In suspected and confirmed cases, neuraminidase inhibitors should be prescribed as soon as possible (ideally, within 48 hours following symptom onset) to maximize therapeutic benefits. However, given the significant mortality currently associated with A(H5) and A(H7N9) subtype virus infections and evidence of prolonged viral replication in these diseases, administration of the drug should also be considered in patients presenting later in the course of illness.

Treatment is recommended for a minimum of 5 days, but can be extended until there is satisfactory clinical improvement.

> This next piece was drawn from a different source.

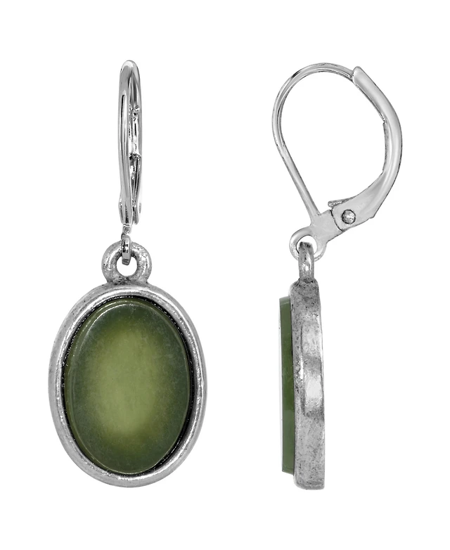 2028 Silver-Tone Semi Precious Jade Oval Flat Drop Earrings
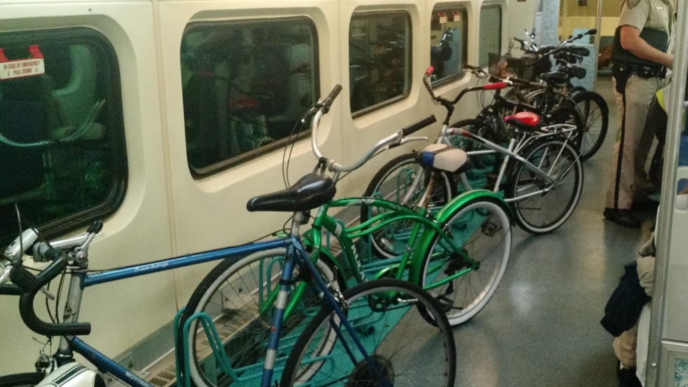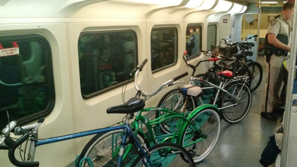 The new bike car contains 14 racks that will provide more room to maneuver bicycles on and off the train. A set of seats were removed from the lower level of the vehicle to make room for the bike racks.

Corticosteroids should not be used routinely, unless indicated for other reasons (eg: asthma and other specific conditions); as it has been associated with prolonged viral clearance, immunosuppression leading to bacterial or fungal superinfection.    Most recent A(H5) and A(H7N9) viruses are resistant to adamantane antiviral drugs (e.g. amantadine and rimantadine) and are therefore not recommended for monotherapy.     Presence of co-infection with bacterial pathogens can be encountered in critically ill patients.

Prevention

Apart from antiviral treatment, the public health management includes personal protective measures like:

-    Regular hand washing with proper drying of the hands

-    Good respiratory hygiene – covering mouth and nose when coughing or sneezing, using tissues and disposing of them correctly

-    Early self-isolation of those feeling unwell, feverish and having other symptoms of influenza

-    Avoiding close contact with sick people

-    Avoiding touching one’s eyes, nose or mouth

Health care workers preforming aerosol generating procedures should use airborne precautions. Standard contact and droplet precautions and appropriate personal protective equipment (PPE) should be made available and used during epidemics.

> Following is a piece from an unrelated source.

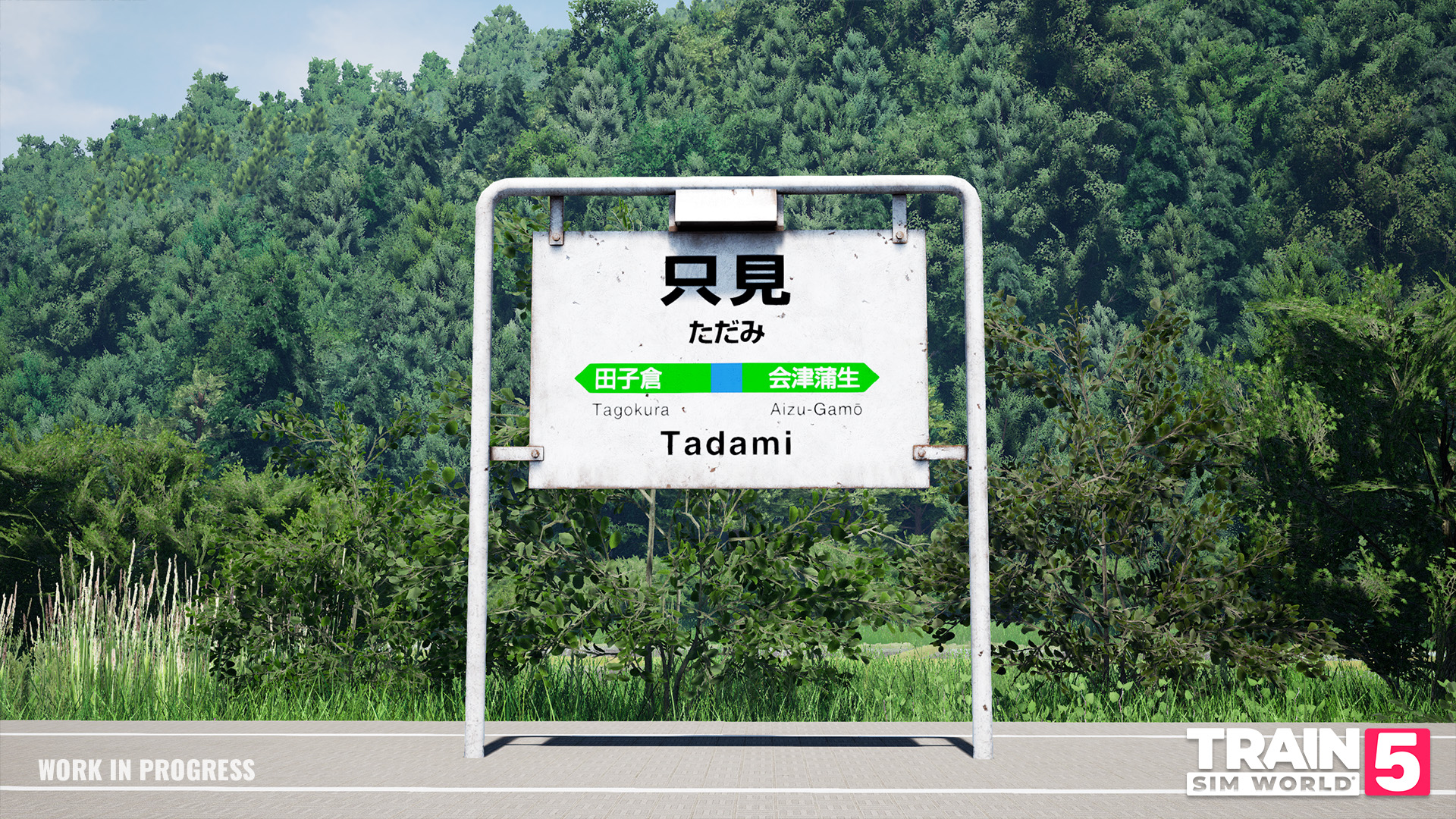 Die Tadami Line Aizu-Wakamatsu – Tadami führt durch atemberaubende Landschaften, enge Täler und malerische ländliche Gebirgstrecken. Als Lokomotive wurde der Kiha 40 Dieseltriebwagen eingesetzt. Die Strecke erstreckt sich über 88 km, mit 28 Stationen und bietet japanische Signalisierung sowie native japanische Sprache, ein neues Feature für TSW.

Travelers to countries and people living in countries with known outbreaks of avian influenza should, if possible, avoid poultry farms, contact with animals in live poultry markets, entering areas where poultry may be slaughtered, and contact with any surfaces that appear to be contaminated with faeces from poultry or other animals. Good food safety and food hygiene practices e.g. hands washing with soap and water should be followed. Travelers returning from affected regions should report to local health services if respiratory symptoms suspecting zoonotic influenza virus infection. Pre-exposure or post-exposure prophylaxis with antivirals is possible but depends on several factors e.g. individual factors, type of exposure, and risk associated with the exposure.